Même chose pour le droit du travail : en tant qu’élu·e·s, les député·e·s ne travaillent pas comme des salarié·e·s. Iels n’ont pas besoin de contrats de travail protecteurs, ni d’un droit du travail qui les protège des abus d’un·e patron·ne, iels n’ont pas besoin de conseils de Prud’Hommes qui puissent appliquer ce droit de façon impartiale, ni d’une inspection du travail efficace et qui ait les moyens effectifs de faire respecter les droits des salarié·e·s, etc.

Et tout ça fait qu’iels n’ont tout simplement pas besoin de défendre le droit du travail : iels s’en foutent, et n’hésiteront pas à l’attaquer et à le détricoter à la première occasion, parce qu’iels n’en dépendent pas, contrairement au reste de la population. Et d’ailleurs c’est pas seulement qu’iels n’en dépendent pas pendant leur mandat, mais la majorité des élu·e·s considèrent qu’ils n’en auront jamais besoin, parce qu’iels envisagent pour la plupart d’entre elleux de faire carrière en politique toute leur vie (vu que c’est tout à fait possible aujourd’hui de vivre de la politique toute sa vie).

Et même quand c’est pas le cas, par exemple quand des député·e·s sortant·e·s sont battu·e·s lors d’une élection, iels ont généralement suffisamment de relations et de réseau professionnel pour s’assurer de retrouver facilement un emploi bien payé et dans des bonnes conditions. Sans oublier le fait que, comme dit précédemment, la plupart des député·e·s font déjà partie de la catégorie des « cadres et professions intellectuelles supérieures » au départ, et donc d’une minorité de la population qui exerce des emplois en moyenne bien moins difficiles, moins précaires, moins exposés au chômage, etc. que le reste de la population.

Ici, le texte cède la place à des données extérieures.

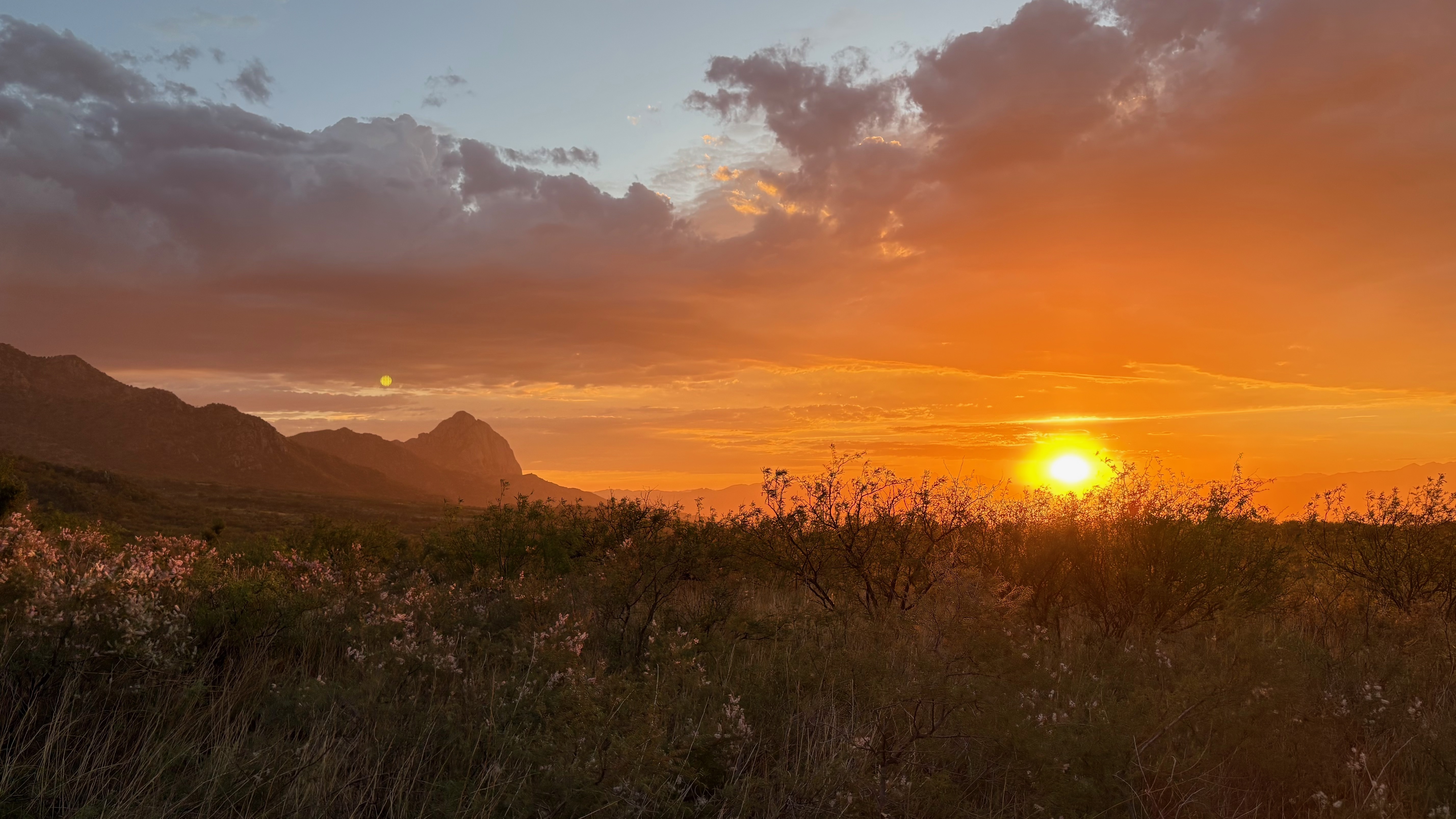 A brilliant sunset glow reflecting off of the clouds and the Santa Rita Mountains, near Green Valley at the base of Madera Canyon. A dust storm rolling though created the perfect viewing conditions.

Il y aurait plein d’autres exemples où le statut d’élu·e influe sur leurs intérêts. Je reste sur les député·e·s : comme leurs frais de déplacement leur sont intégralement remboursés par l’État, que ce soit en taxi dans Paris, ou en première classe quand iels prennent le train, voire même par avion, iels ont pas besoin d’avoir des transports en commun de qualité et abordables pour tout le monde, du coup iels hésiteront encore moins à privatiser la SNCF par exemple.

Même chose pour le logement : les député·e·s ne subissent pas le marché du logement que le reste de la population subit, parce que l’État prend en charge toutes les questions liées à leur logement :

Du coup, iels n’ont pas les mêmes difficultés à se loger que le reste de la population a, et se foutent que les loyers en général soient super élevés. C’est aussi pour ça qu’iels ont pas de raison de faire des lois pour réguler le marché de l’immobilier ou encadrer les loyers par exemple (alors que c’est un gouffre à fric pour les locataires, et notamment les plus précaires…).

D’une manière plus générale, les statuts des élu·e·s, et les passes-droits qu’iels ont grâce à leurs positions d’élu·e·s, font qu’iels n’ont absolument pas besoin des droits et des protections dont la majorité de la population a besoin, et à cause de ça, l'intérêt des élu·e·s sera toujours différent de celui du reste du peuple. Notez que c’est pas seulement une question de connaître ça, et d’avoir expérimenté ça dans sa vie : même si des ancien·ne·s ouvrièr·e·s (par exemple) se retrouveraient député·e·s, eh bien ces personnes verraient leurs intérêts changer, du fait de leur nouveau statut d’élu·e·s, et donc n’auraient plus des intérêts d’ouvrier·ères à partir du moment où iels deviennent député·e·s. Donc c’est le statut d’élu·e en soi, et la position d’élu·e en elle-même, qui font que ces élu·e·s ont des intérêts différents.

Et évidemment, à tout ça s’ajoute de toute façon leur niveau de vie déjà très confortable du fait de leurs revenus élevés qu’on a déjà vus.